** Activity **
The records below must be output exactly, with no images carried over.
================================
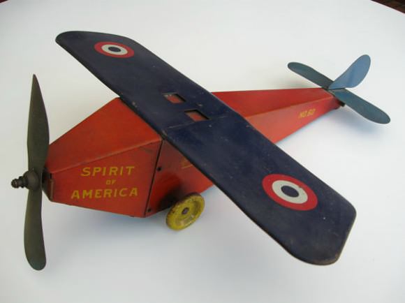 What a beauty! This pressed metal lithographed Spirit of America toy airplane dates back to the 1920s and is believed to have been made by Keystone. It’s way above my Father’s Day budget but one of the finest-looking vintage toy planes I’ve ever come across. Guaranteed to be an original.
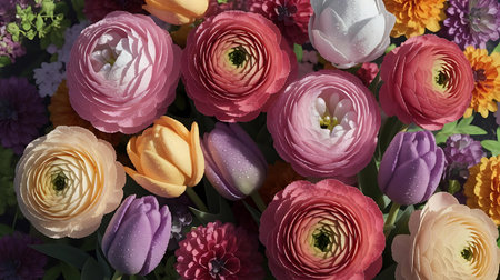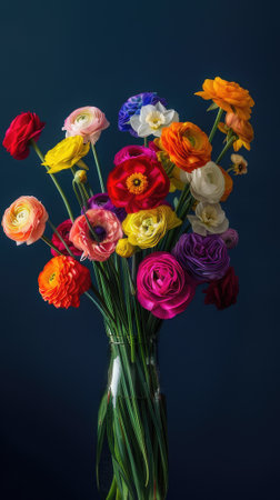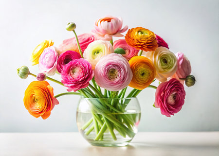 Colorful ranunculus flowers arranged elegantly on a light background, showcasing vibrant petals and delicate greenery. Perfect for spring and floral themes.
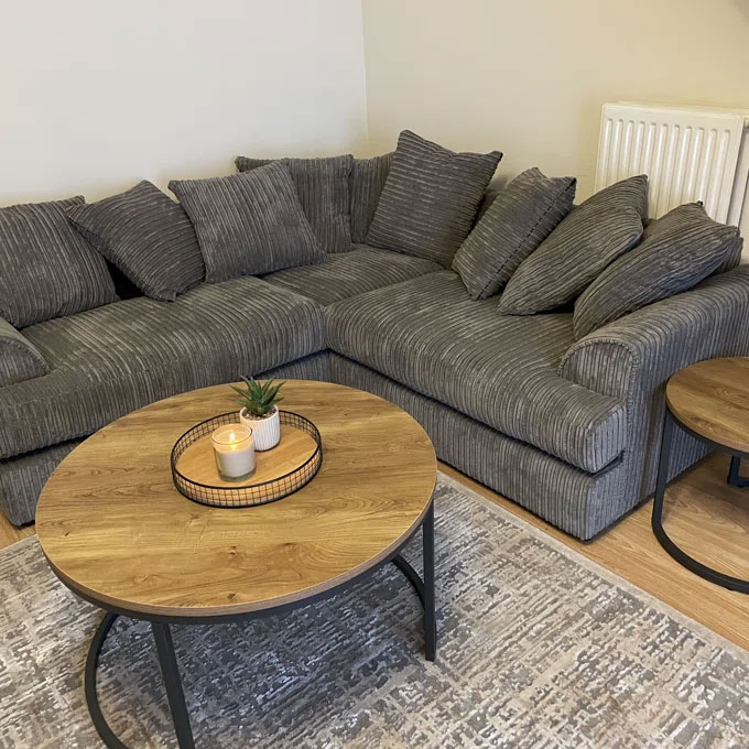 The Mercury Ajo Corner Sofa defines comfort and style at a price that does not break the bank! With soft, puffy jumbo cord fabric on the outside and deep fibre-filled seats, the Mercury Ajo Corner Sofa sets the bar high for all fabric corner sofas. Already one of the top sellers in the corer sofas category, the Mercury Ajo Corner Sofa now comes with a 5 year manufacturer warranty and is available in both Grey, Mink and Black.
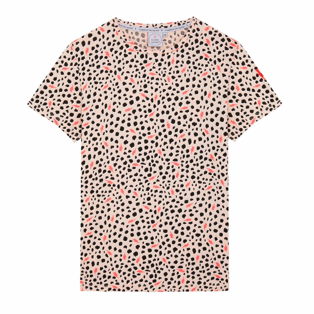 Blush super soft T-Shirt with black cheetah print and neon pink lightning bolts
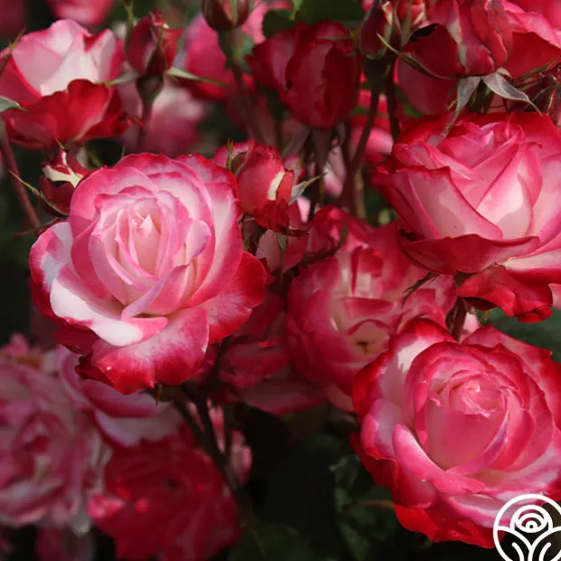 Cherry Parfait™ is a delicious rose with creamy petals dripping in cherry red. Her 4.5” cupped blooms with 30+ petals pop against her intense, dark foliage. She almost looks unreal! Cherry Parfait™ is extremely hardy and performs in all climates and stays compact at 3’ x 3’ so she can be added to every garden – large or small. We love her in beds, borders, or pots!
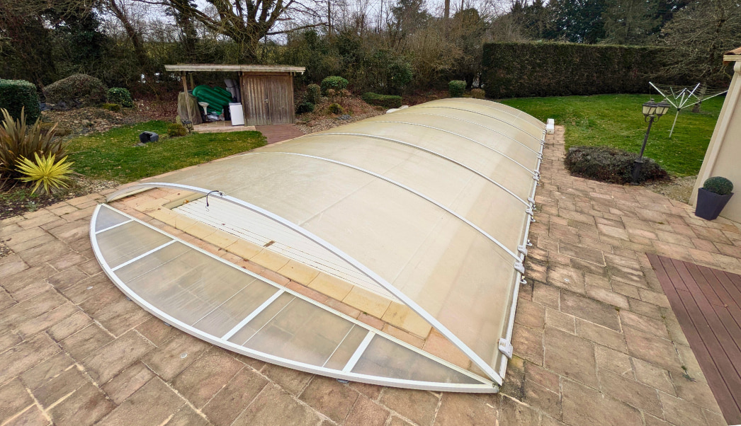 Adieu l'ancien abri blanc vieilli par le temps et endommagé par la tempête. La piscine de Frédéric est bien couverte malgré sa grande taille et sa manipulation reste simple grâce aux éléments télescopiques avec les roulettes intégrées à la structure.
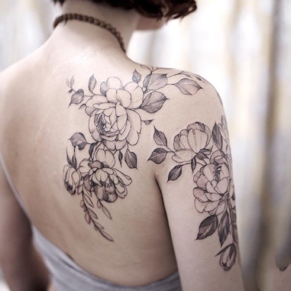 大臂素花纹身 9款女士的大臂黑灰花朵植物纹身图案
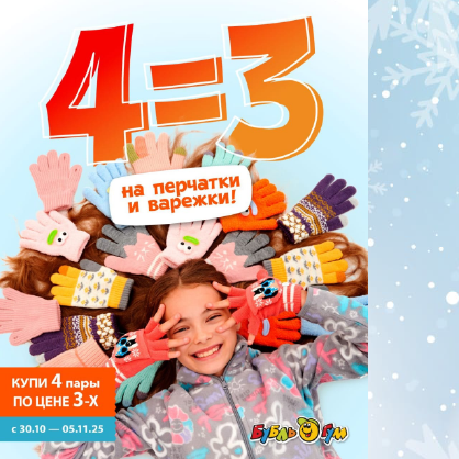 Акция 4=3 на перчатки и варежки
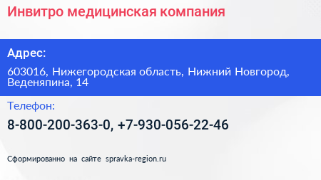 Инвитро, медицинская компания по адресу 603016, Нижегородская область, Нижний Новгород, Веденяпина, 14 в дальнейшем Организация, размещена в следующих категориях:
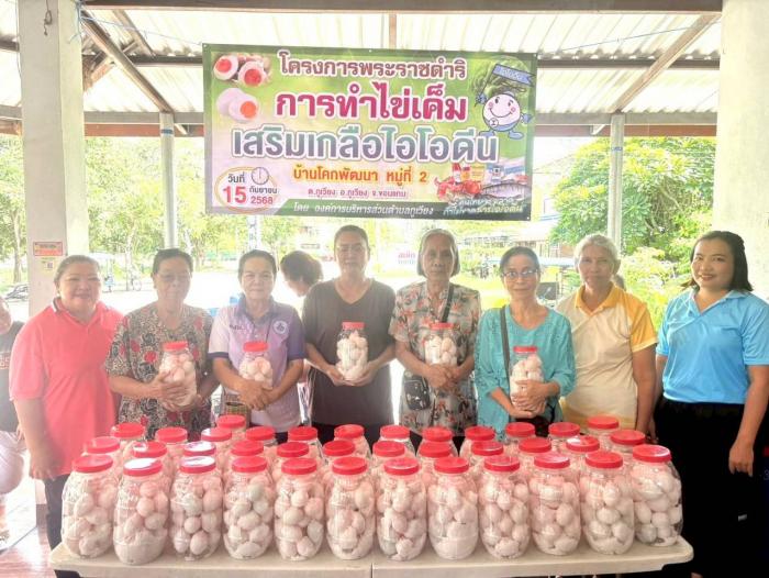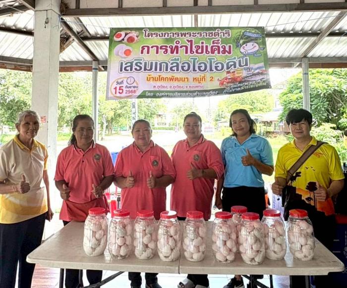 ท่านวิเชียร ไกรศรีวรรธนะ นายก อบต.ภูเวียง ร่วมกับคณะผู้บริหาร กำนันผู้ใหญ่บ้าน พนักงานเจ้าหน้าที่ อบต.ภูเวียง ร่วมกิจกรรมโครงการพระราชดำริด้านสาธารณสุข โครงการควบคุมโรคขาดสารไอโอดีนของสมเด็จพระกนิษฐาธิราชเจ้า กรมสมเด็จพระเทพรัตนราชสุดาฯสยามบรมราชกุมารีในระหว่างวันที่ 8-15 กันยายน 2568 เพื่อให้ประชาชนในตำบลภูเวียง ได้รับความรู้เรื่องเกี่ยวกับการควบคุมโรคขาดสารไอโอดีนและได้บริโภคไข่เค็มป้องกันโรคคอพอก และสามารถนำความรู้ที่ได้จากการทำไข่เค็มสามารถต่อยอดเป็นอาชีพสร้างรายได้
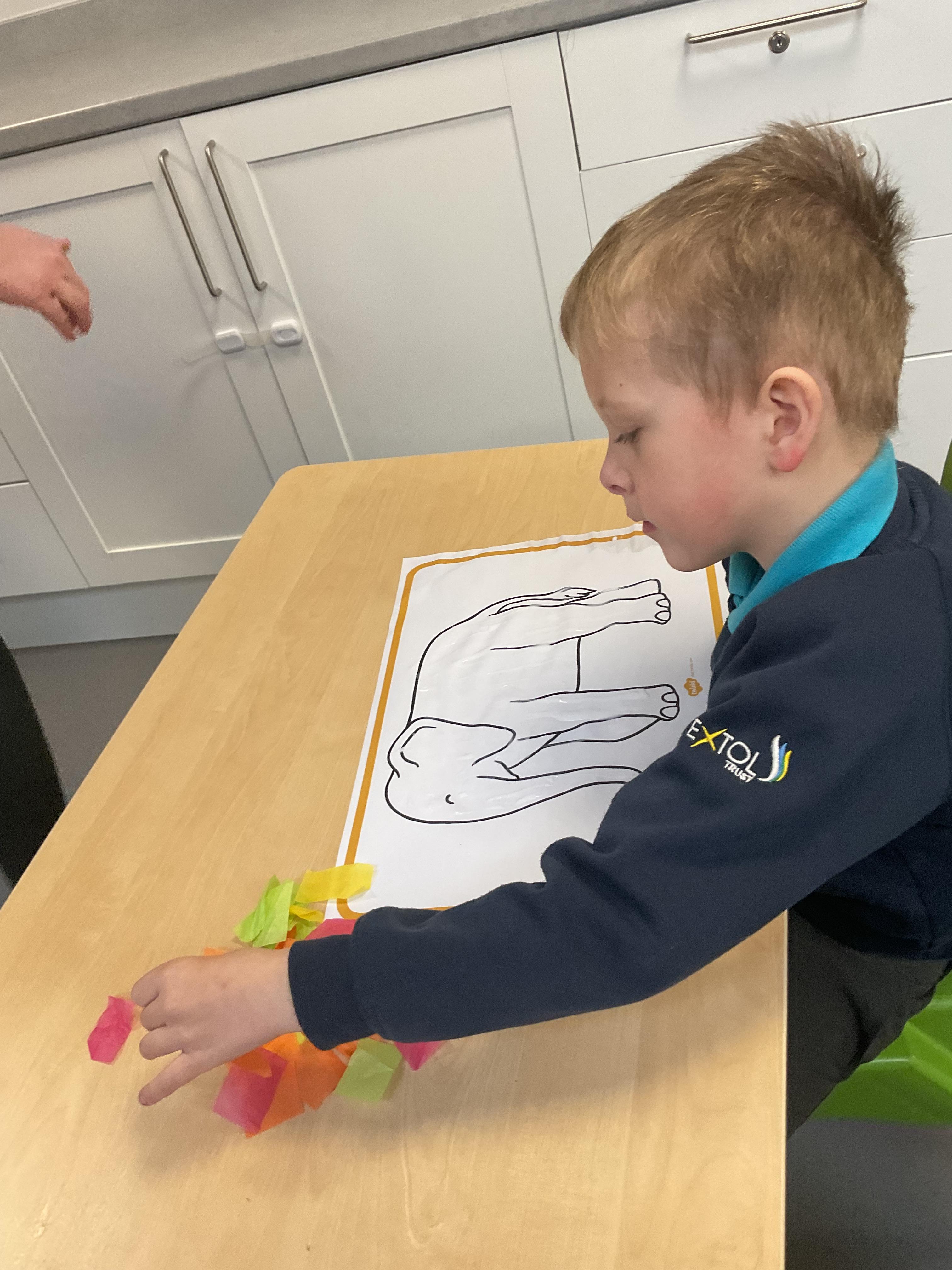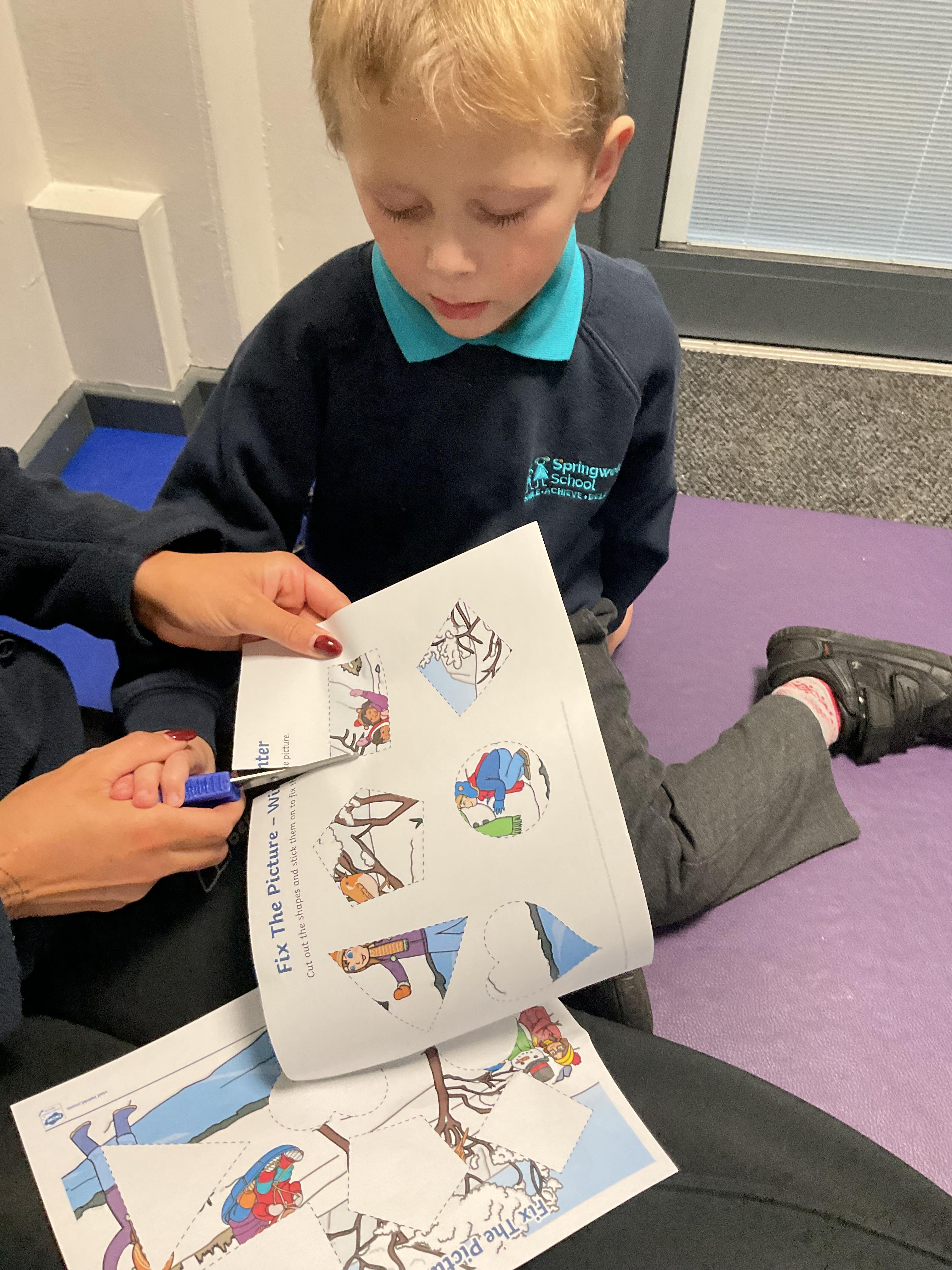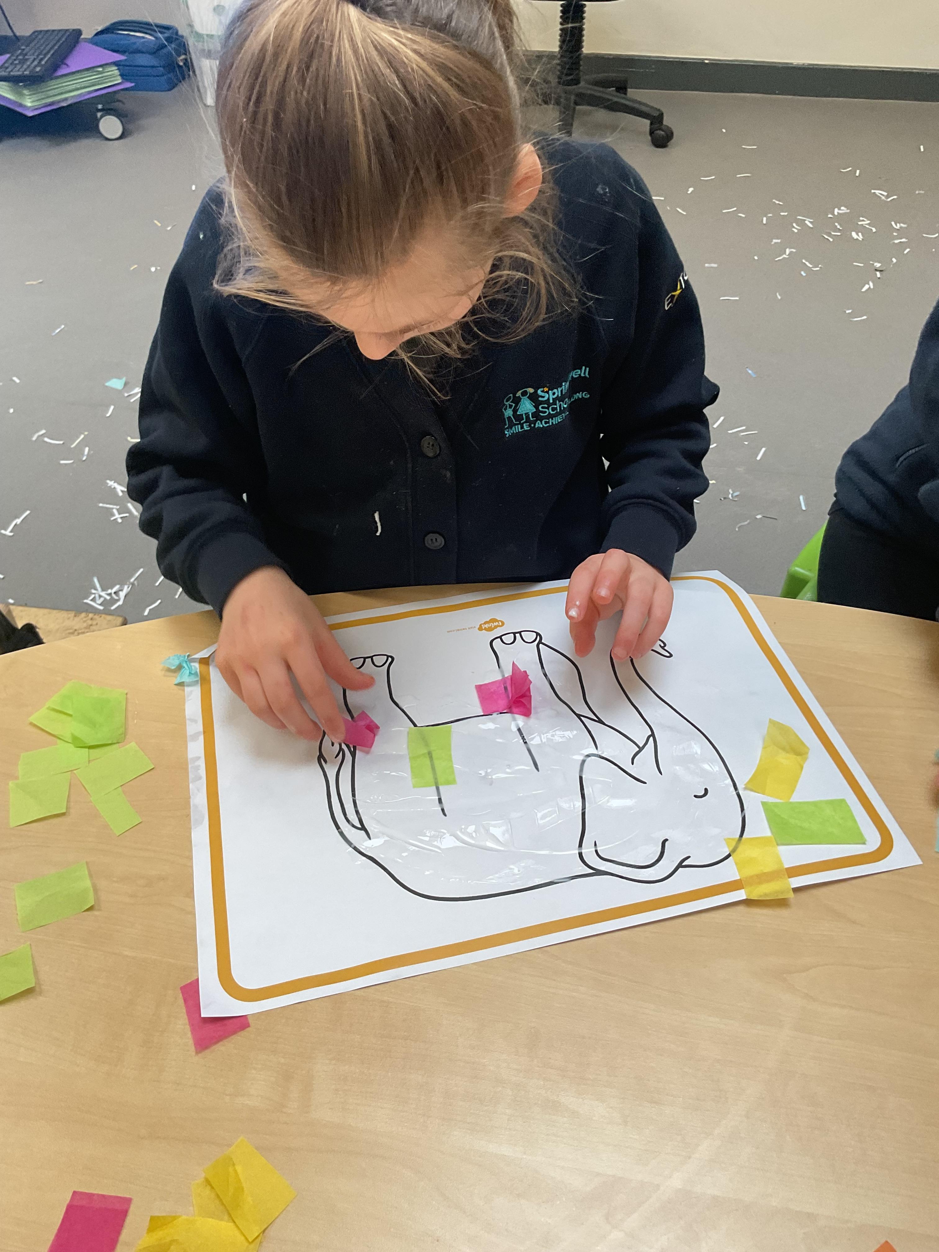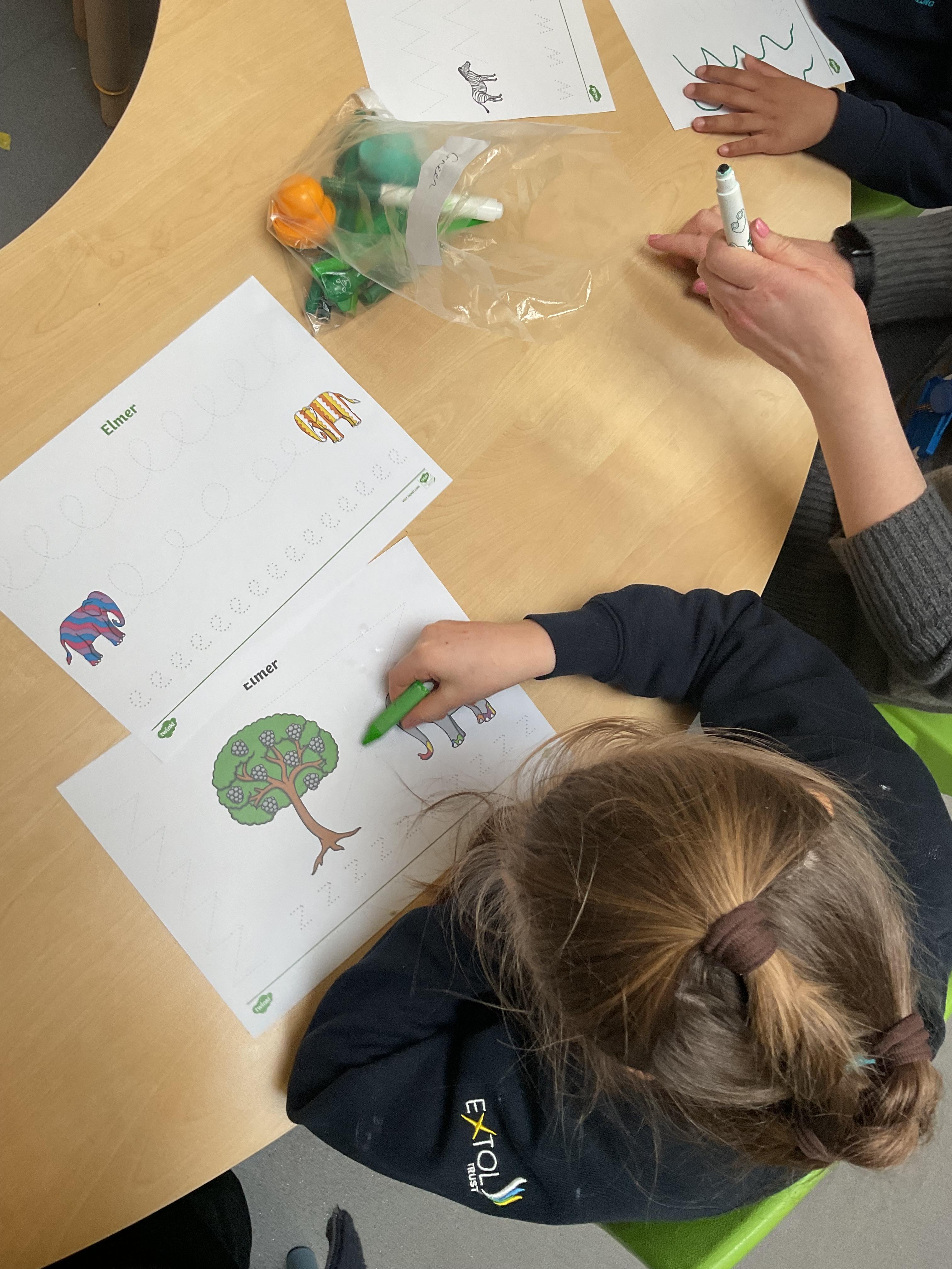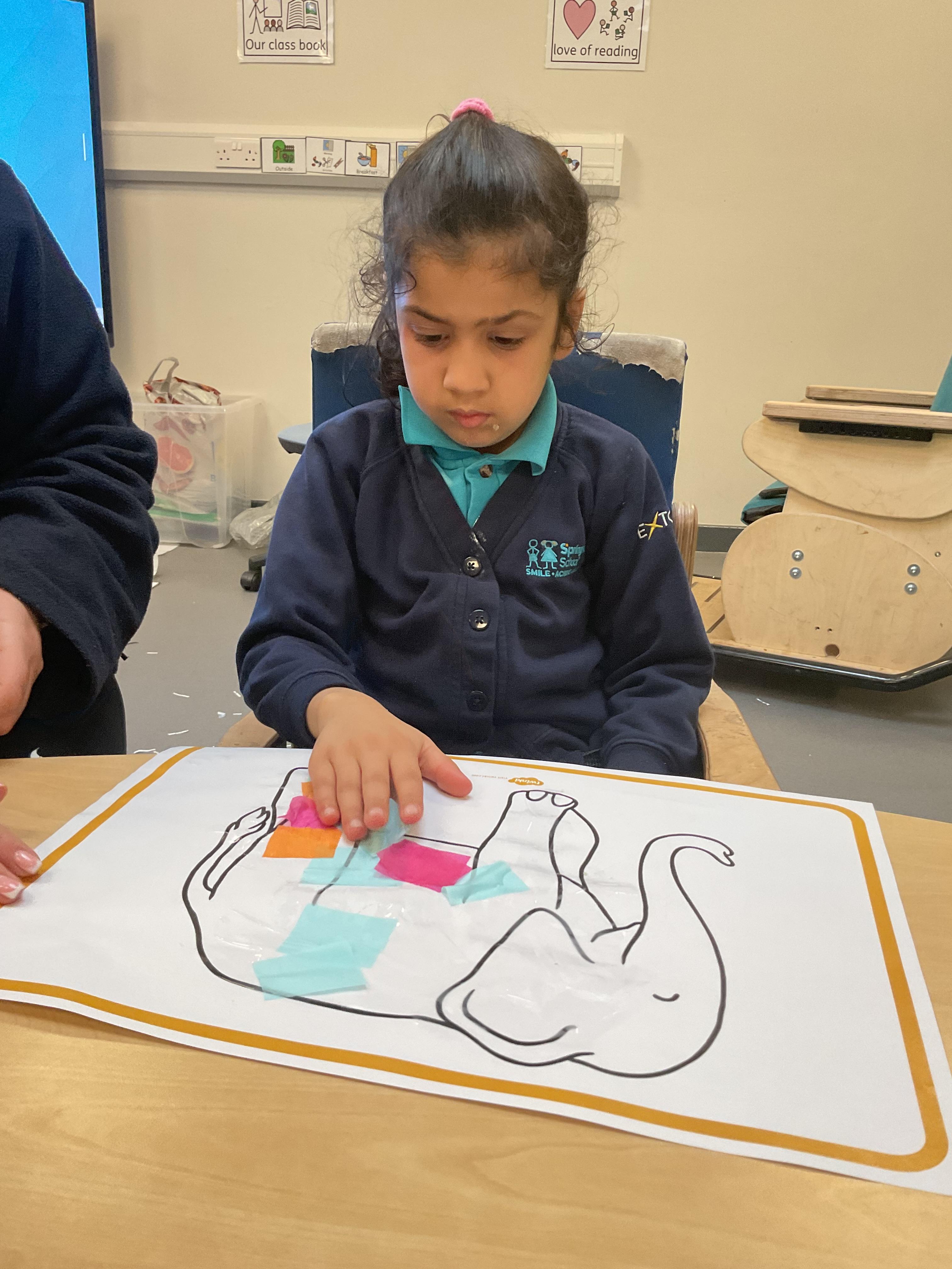 This week in literacy, Zebra class enjoyed listening to our new story “Elmer in the snow”. We explored different props from the story, tried on Elmer masks and pretended to be elephants! After, we created our own Elmer the elephants by gluing different colour tissue paper to elephants. During the week, we worked really hard in practising our fine motor skills. We all focused on holding a pen correctly and forming some marks, we finished with an exciting song of dough disco! The children's favourite part of the week was getting messy in our sensory lesson. We got to touch and taste some cold ice, then went outside to make marks in the shaving foam and feel diffrent textures of the pasta. In PSHRE, we all tried very hard practising cutting skills with our adults.
================================
** Result **
 What a beauty! This pressed metal lithographed Spirit of America toy airplane dates back to the 1920s and is believed to have been made by Keystone. It’s way above my Father’s Day budget but one of the finest-looking vintage toy planes I’ve ever come across. Guaranteed to be an original.
 Colorful ranunculus flowers arranged elegantly on a light background, showcasing vibrant petals and delicate greenery. Perfect for spring and floral themes.
 The Mercury Ajo Corner Sofa defines comfort and style at a price that does not break the bank! With soft, puffy jumbo cord fabric on the outside and deep fibre-filled seats, the Mercury Ajo Corner Sofa sets the bar high for all fabric corner sofas. Already one of the top sellers in the corer sofas category, the Mercury Ajo Corner Sofa now comes with a 5 year manufacturer warranty and is available in both Grey, Mink and Black.
 Blush super soft T-Shirt with black cheetah print and neon pink lightning bolts
 Cherry Parfait™ is a delicious rose with creamy petals dripping in cherry red. Her 4.5” cupped blooms with 30+ petals pop against her intense, dark foliage. She almost looks unreal! Cherry Parfait™ is extremely hardy and performs in all climates and stays compact at 3’ x 3’ so she can be added to every garden – large or small. We love her in beds, borders, or pots!
 Adieu l'ancien abri blanc vieilli par le temps et endommagé par la tempête. La piscine de Frédéric est bien couverte malgré sa grande taille et sa manipulation reste simple grâce aux éléments télescopiques avec les roulettes intégrées à la structure.
 大臂素花纹身 9款女士的大臂黑灰花朵植物纹身图案
 Акция 4=3 на перчатки и варежки
 Инвитро, медицинская компания по адресу 603016, Нижегородская область, Нижний Новгород, Веденяпина, 14 в дальнейшем Организация, размещена в следующих категориях:
 ท่านวิเชียร ไกรศรีวรรธนะ นายก อบต.ภูเวียง ร่วมกับคณะผู้บริหาร กำนันผู้ใหญ่บ้าน พนักงานเจ้าหน้าที่ อบต.ภูเวียง ร่วมกิจกรรมโครงการพระราชดำริด้านสาธารณสุข โครงการควบคุมโรคขาดสารไอโอดีนของสมเด็จพระกนิษฐาธิราชเจ้า กรมสมเด็จพระเทพรัตนราชสุดาฯสยามบรมราชกุมารีในระหว่างวันที่ 8-15 กันยายน 2568 เพื่อให้ประชาชนในตำบลภูเวียง ได้รับความรู้เรื่องเกี่ยวกับการควบคุมโรคขาดสารไอโอดีนและได้บริโภคไข่เค็มป้องกันโรคคอพอก และสามารถนำความรู้ที่ได้จากการทำไข่เค็มสามารถต่อยอดเป็นอาชีพสร้างรายได้
 This week in literacy, Zebra class enjoyed listening to our new story “Elmer in the snow”. We explored different props from the story, tried on Elmer masks and pretended to be elephants! After, we created our own Elmer the elephants by gluing different colour tissue paper to elephants. During the week, we worked really hard in practising our fine motor skills. We all focused on holding a pen correctly and forming some marks, we finished with an exciting song of dough disco! The children's favourite part of the week was getting messy in our sensory lesson. We got to touch and taste some cold ice, then went outside to make marks in the shaving foam and feel diffrent textures of the pasta. In PSHRE, we all tried very hard practising cutting skills with our adults.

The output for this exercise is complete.